2.2.3. Figure Copying
This is a nonspeeded test of developmental age, composed of 10 geometric figures originally introduced by Binet and used by Piaget and Gesell to measure developmental (mental) age (Ilg & Ames, 1964; Jensen, 1980, pp. 165, 662–665). The test involves analytic spatial ability and is moderately g-loaded. The subject views a figure on the top half of each page of the test booklet and simply has to copy it as accurately as possible. Because the figure to be copied is constantly in the subject’s view, accurate performance is not dependent on memory of the figure. Each of the 10 figures, ordered on a Guttman-like scale of difficulty, is presented singly on a separate page. Each copied figure is scored on a threepoint scale (0–2) for its degree of conformity to the essential features of the target figure. This test was used only in Grades 3–6, because at higher grades there is a ceiling effect and restricted variance.

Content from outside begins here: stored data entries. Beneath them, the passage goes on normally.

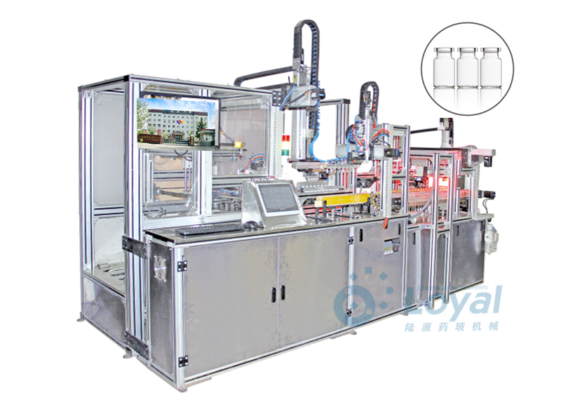 西林瓶生產(chǎn)線包括:自動上管、自動成型、經(jīng)機械手轉換至前端檢測線(也叫生產(chǎn)管控)、檢測線檢測的項目:1、瓶口內(nèi)外徑 2、瓶身長短 3、瓶身外徑 4、瓶口邊厚 5、瓶底內(nèi)凹尺寸檢測;經(jīng)檢測后的合格品再用機械手夾盤轉換至退火爐網(wǎng)帶上,經(jīng)高溫減除應力后再降溫,通過氣動吸盤將回火后的小瓶轉換至后端檢測線,后端檢測(也是重檢也叫終檢),經(jīng)后端拍照檢測項目
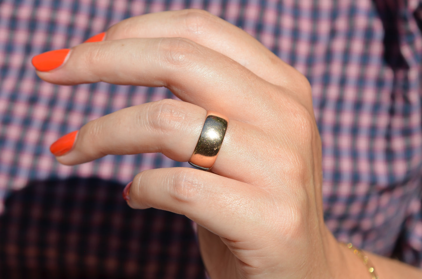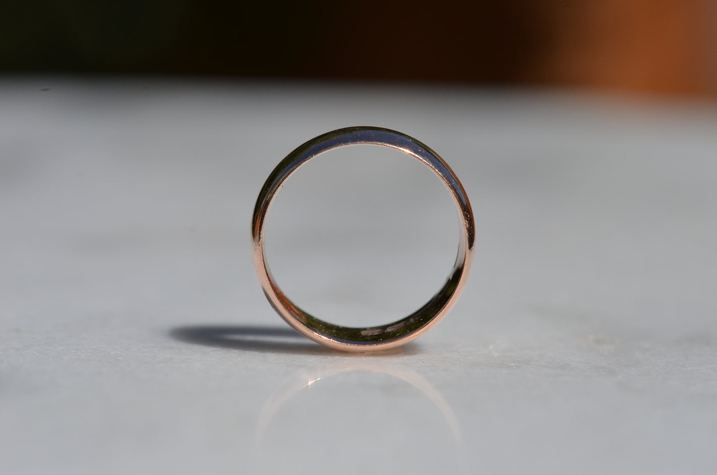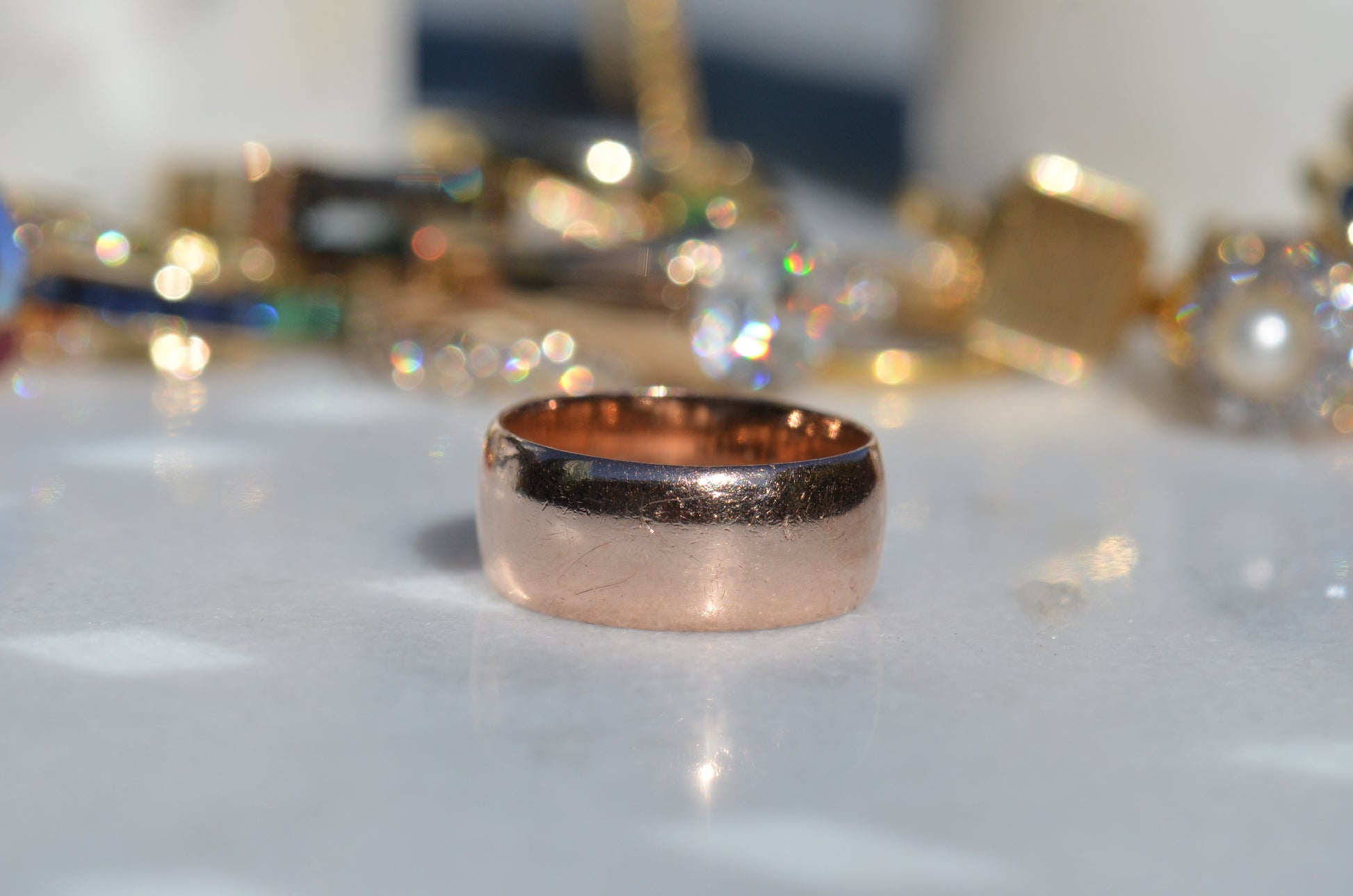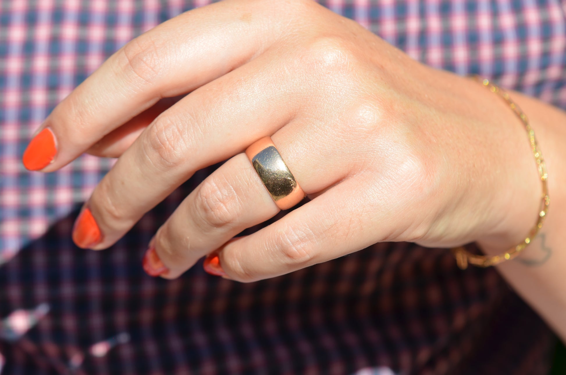 This ring! Radiating warmth and softness from the colour and wear of the gold, but with a powerful presence from its sheer size - we're smitten. British hallmarks date the ring to 1924, yet the style of the ring draws on generations before and sets the tone for generations to come. A flat interior and very gentle doming to the exterior mean that the ring has a slim fit between the fingers and doesn't feel bulky despite its broad width. We adore this ring as a wedding band, statement ring, or stacking ring.
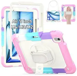 HXCASEAC Shockproof Case for iPad Air 11 inch M4 M3 M2 (2026 2025 2024), Full Body Protective with Pencil Holder, Built-in Screen Protector, Rotating Stand, Hand Strap, for iPad Air 11 Case (Pink)
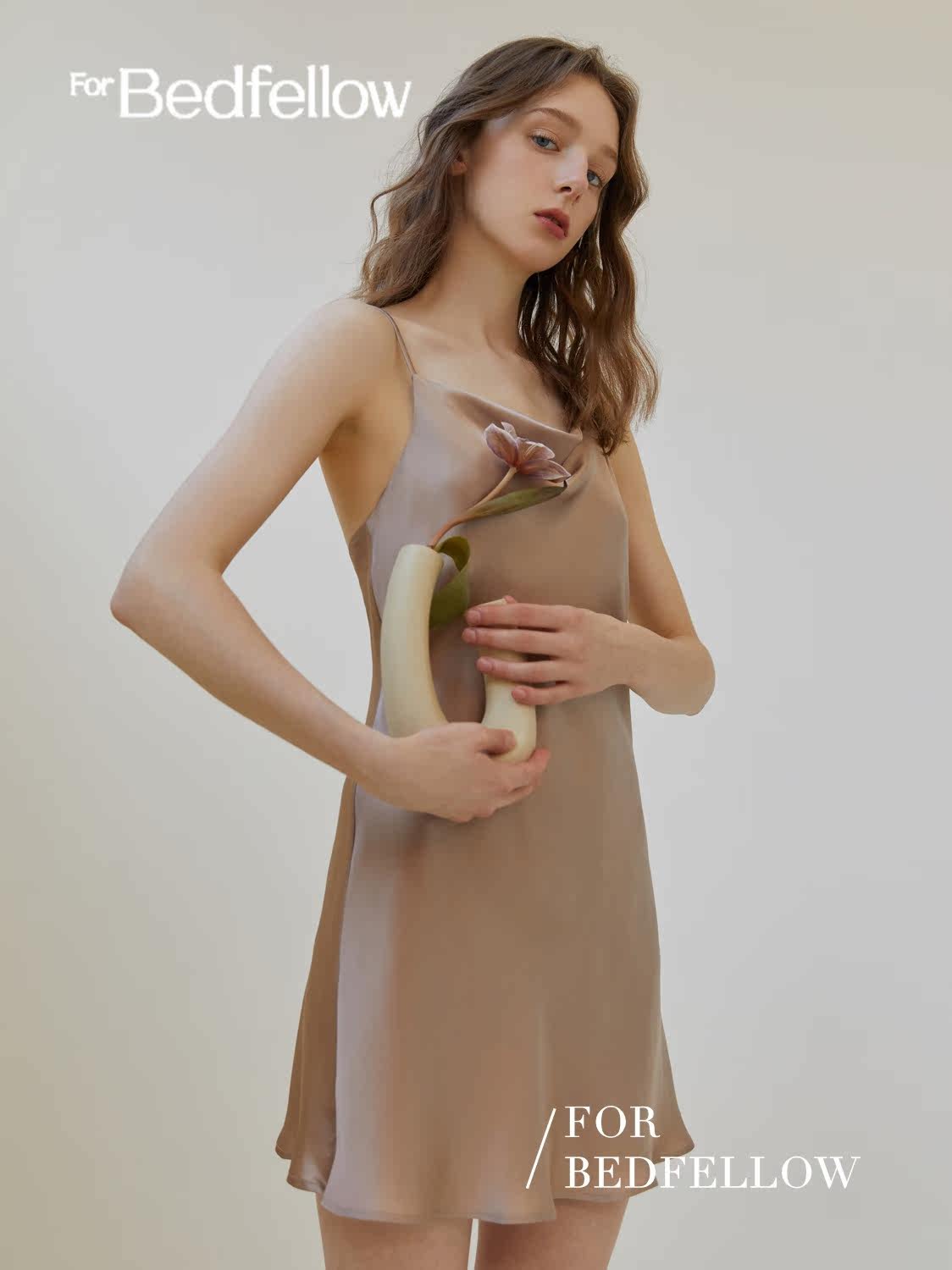 forbedfellow silk pajamas women can wear suspenders nightdress French style high-end swing collar sexy home clothes

Listening–Attention is a test presented by tape recorder that assesses the child’s ability to listen and pay attention to simple verbal instructions for about 5 min. Accuracy of performance depends mainly on the subject’s ability to listen to directions and pay close attention continuously for several minutes. Although performance requires knowing the numbers from 0 to 9, this test makes virtually no other demand on knowledge, memory, or reasoning. As purely a measure of listening and sustained attention, its very simple cognitive demands make it difficult to classify in Carroll’s factor hierarchy, but it seems best to belong under two of the first-stratum factors in the Carroll model: Factor AC (p. 547, attention, carefulness, counting, number checking) and Factor LS (p. 147, listening). Answer sheets consist of columns of 10 pairs of random but nonmatching single digits presented in five columns on two pages; each column is headed by a capital letter in alphabetical order. A tape-recorded male voice names the letter of the column to be attended to, then names, at a 2-s rate, one digit in each pair. Subjects are instructed to cross-out the named digit. The total score is the number of correct cross-outs.
2.2.5. Memory for Numbers
This is a test of digit span or short-term auditory memory, consisting of three subtests, each of which consists of six series of digits going from four digits in a series up to nine digits. It is a first-stratum factor (MS, p. 256) in Carroll’s model. It is presented on a tape recording on which the digits are spoken clearly by a male voice at the rate of precisely one digit per second. At the conclusion of each series, signaled by a ‘bong’ sound, the subject writes on a specially printed form as many digits as he or she can recall in the correct order. Each subtest is preceded by three practice trials. The three subtests are: (1) Immediate Recall, in which the ‘bong’ sounds 1 s after the last digit is heard; (2) Delayed Recall, in which the response is not written until signaled by the ‘bong’ 10 s after the last digit was spoken; and (3) Repeated Series, in which the same digit series is presented three times in succession, each repetition separated by a tone of 1-s duration, then is immediately recalled after the ‘bong’ at the end of the third presentation. The score for each subtest is the number of digits recalled in the correct serial position.
2.2.6. Making X’s
Making X’s assesses test-taking motivation, indicating the subject’s willingness to comply with instructions in a group testing situation and to concentrate for a brief period of time. In Carroll’s model (under the name ‘‘writing X’s’’) it is a first-stratum factor (p. 537, psychomotor ability). The subject is simply asked to make X’s in a series of squares for a period of 90 s. The test is given twice, under different instructions: (1) nonmotivating instructions in which nothing is said about speed, and (2) motivating instructions, in which subjects are told to work as fast as they can and try to exceed the number of X’s they made on the first trial. The subject’s score is the number of X’s written in 90 s.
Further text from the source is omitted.